STIHL pro tip: planting out onions correctly
Onions are a rewarding crop and easy to grow in a vegetable garden. We have a few planting tips that may help to make the work easier: if you plant onion sets when they are dry, moisture in soil can cause them to swell up and push their way out of the ground, so you may find that your onions “unplant” themselves. To prevent this, soak your onion sets in lukewarm water, preferably overnight, before planting them. First, make sure that the tip with the shoot protrudes clearly above the soil, then scatter a little soil over the top so that blackbirds do not pull the onions out of the ground. You should only buy onion sets with bulbs about the size of a hazelnut, as these are less likely to shoot later on. With many shallot types (elongated, often reddish bulbs), large bulbs produce the greatest harvest.
Keeping your vegetable garden healthy means allowing it to rest from time to time. During these fallow seasons, planting green manure plants in your vegetable garden is a good way of providing the soil with valuable nutrients while also suppressing weeds. Clovers and lupins are good green manure varieties. Sow seeds for green manure in autumn; after harvesting, leave them over the winter, then cut them down and dig the cuttings into the soil, where they can provide goodness for bumper crops. It’s also worth planting green manure if you plan to leave a bed empty for an extended period.
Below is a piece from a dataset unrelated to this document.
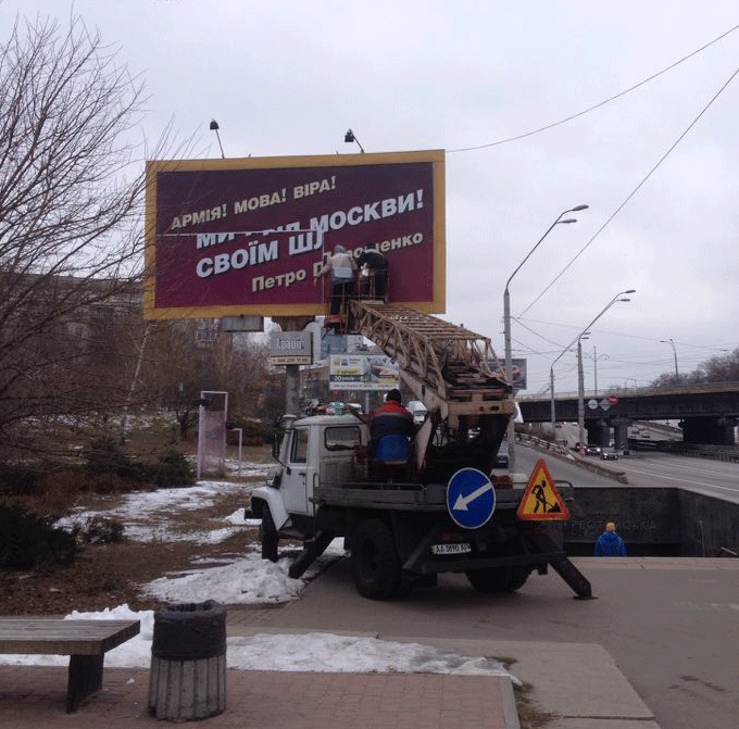 Майбутній кандидат у президенти лідер партії "Батьківщина" екс-прем’єр Юлія Тимошенко звинуватила чинного главу держави Петра Порошенка у "фальшивому патріотизмі" і порадила виправити написи на бордах.

Your vegetable garden need not go unattended during the cold season. Winter vegetables such as various types of cabbage or lamb’s lettuce are ideal for a late harvest. Our guide also explains how to winterproof your vegetable patch.
If you rake your vegetable patch regularly, you will not need to water it too often. Raking affects the soil structure by causing less water to evaporate. Just how much water you need to provide depends on what you’re growing, as well as the weather, of course. Please note that it is generally better to water generously but less frequently than to water little and often. Collected rainwater is perfect for watering your plants.
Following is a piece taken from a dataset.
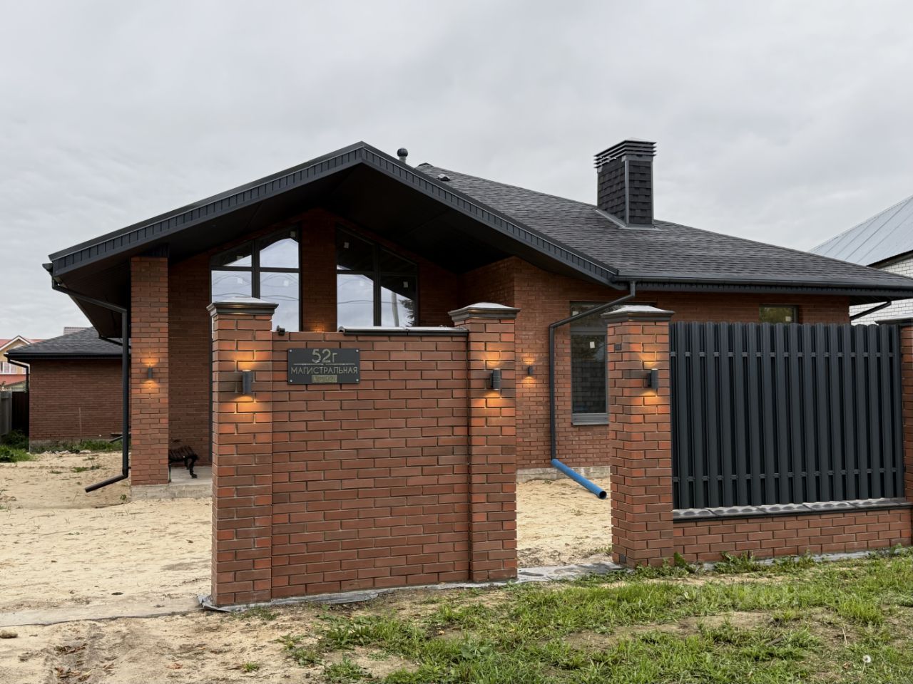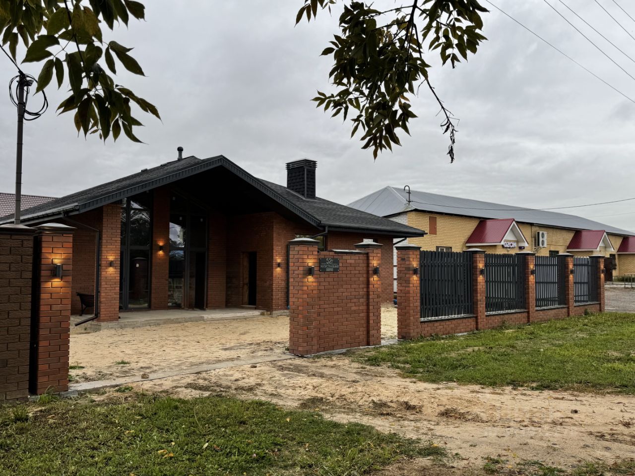 •Забор по фасадной части участка выполнен из того же кирпича , что и дом.

We recommend leaving your vegetable garden to rest completely every three years so that it can regenerate. If it is constantly occupied by plants, the soil quality can deteriorate in the long term and the nutrients become depleted.
You can plant a vegetable garden either in autumn or in spring. It is important that the weather is not too hot or frosty. We recommend planting a vegetable garden in spring so that the patch does not become overgrown during autumn and the often mild winters.
When you plant which vegetables depends on your own preferences. Early potatoes can be planted in spring from April. Chard or carrots can also be sown from April to June. A little later, you can plant peppers and beetroot in the bed. In late summer, radishes and lamb's lettuce can grow again.
The right soil for most vegetables is deep, loose and nutritious, without stones and weeds. Depending on the condition of the soil, you should work compost or natural fertiliser into it in preparation. Soil analysis provides clarity about the needs of the soil.
Vegetables that attract similar pests or that take away each other's nutrients are not compatible. For example, potatoes, tomatoes and carrots are less likely to fit together in a bed. Peppers, potatoes and peas are also not particularly compatible. Onions and dill are also not great planted together.
Vegetables that come from different plant families go together as they keep pests and fungi away from each other. Good neighbours in the bed also don't take nutrients away from each other. Carrots, for example, go well with onions, leeks or peas. Potatoes get along well with cabbage or spinach. Beetroot and cabbage also harmonise well.